● About this task
Beginning with the line that holds "O Ministério Público" and finishing with the line that holds "Bảng cập nhật", repeat the listing exactly, leaving every picture out.

[[ Data listing open ]]

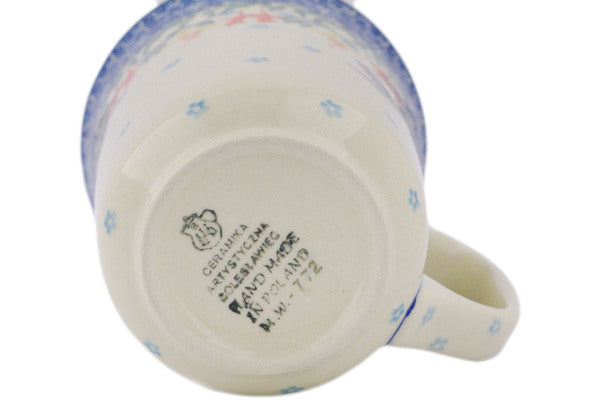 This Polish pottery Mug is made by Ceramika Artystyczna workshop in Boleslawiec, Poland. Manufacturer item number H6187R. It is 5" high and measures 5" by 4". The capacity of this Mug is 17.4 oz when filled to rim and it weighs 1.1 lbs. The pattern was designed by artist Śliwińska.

[[ Data listing closed ]]
[[ Data listing open ]]

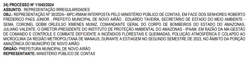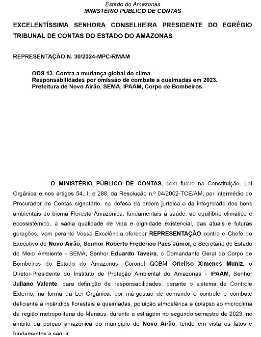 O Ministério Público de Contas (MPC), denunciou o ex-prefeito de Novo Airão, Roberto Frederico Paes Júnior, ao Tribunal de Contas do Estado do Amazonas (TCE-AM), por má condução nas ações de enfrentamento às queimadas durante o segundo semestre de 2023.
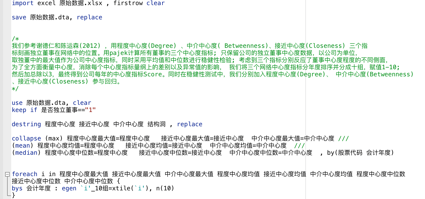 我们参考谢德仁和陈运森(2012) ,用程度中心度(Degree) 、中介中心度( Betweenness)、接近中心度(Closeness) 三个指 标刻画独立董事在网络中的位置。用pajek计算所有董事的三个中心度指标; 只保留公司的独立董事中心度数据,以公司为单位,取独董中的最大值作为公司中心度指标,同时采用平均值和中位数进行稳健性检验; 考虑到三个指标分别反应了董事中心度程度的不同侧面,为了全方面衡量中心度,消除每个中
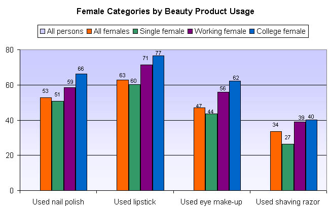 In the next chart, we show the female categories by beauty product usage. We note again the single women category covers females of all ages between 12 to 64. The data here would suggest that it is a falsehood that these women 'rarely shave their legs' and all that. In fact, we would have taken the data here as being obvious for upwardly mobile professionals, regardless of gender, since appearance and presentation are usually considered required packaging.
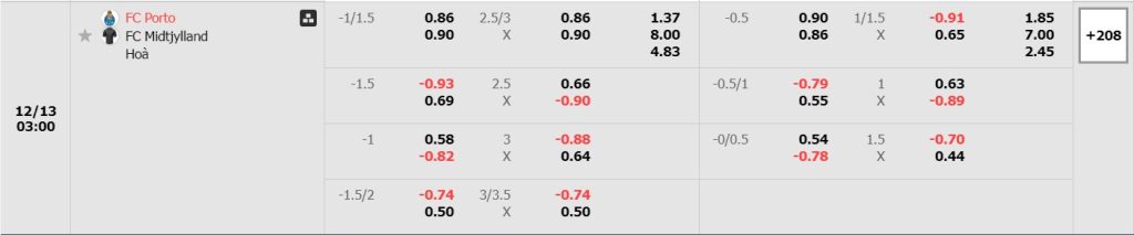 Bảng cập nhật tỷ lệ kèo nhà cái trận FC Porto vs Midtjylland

[[ Data listing closed ]]
[[ Data listing open ]]

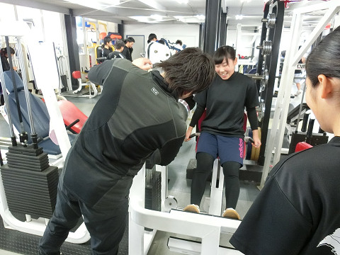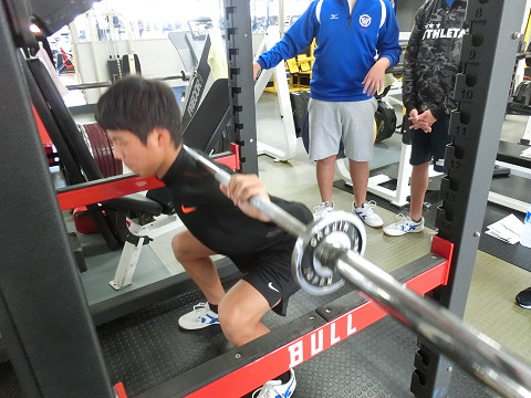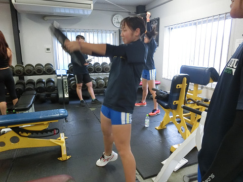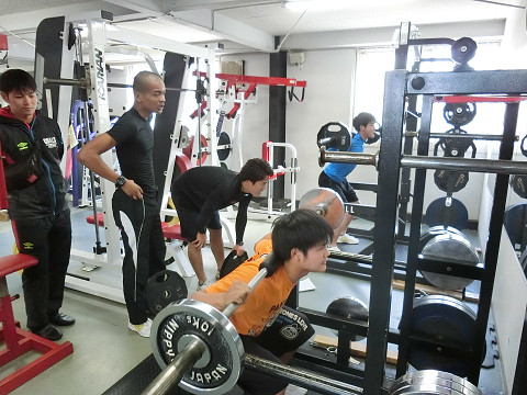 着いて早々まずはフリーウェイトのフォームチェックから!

[[ Data listing closed ]]

● Task solution
 O Ministério Público de Contas (MPC), denunciou o ex-prefeito de Novo Airão, Roberto Frederico Paes Júnior, ao Tribunal de Contas do Estado do Amazonas (TCE-AM), por má condução nas ações de enfrentamento às queimadas durante o segundo semestre de 2023.
 我们参考谢德仁和陈运森(2012) ,用程度中心度(Degree) 、中介中心度( Betweenness)、接近中心度(Closeness) 三个指 标刻画独立董事在网络中的位置。用pajek计算所有董事的三个中心度指标; 只保留公司的独立董事中心度数据,以公司为单位,取独董中的最大值作为公司中心度指标,同时采用平均值和中位数进行稳健性检验; 考虑到三个指标分别反应了董事中心度程度的不同侧面,为了全方面衡量中心度,消除每个中
 In the next chart, we show the female categories by beauty product usage. We note again the single women category covers females of all ages between 12 to 64. The data here would suggest that it is a falsehood that these women 'rarely shave their legs' and all that. In fact, we would have taken the data here as being obvious for upwardly mobile professionals, regardless of gender, since appearance and presentation are usually considered required packaging.
 Bảng cập nhật tỷ lệ kèo nhà cái trận FC Porto vs Midtjylland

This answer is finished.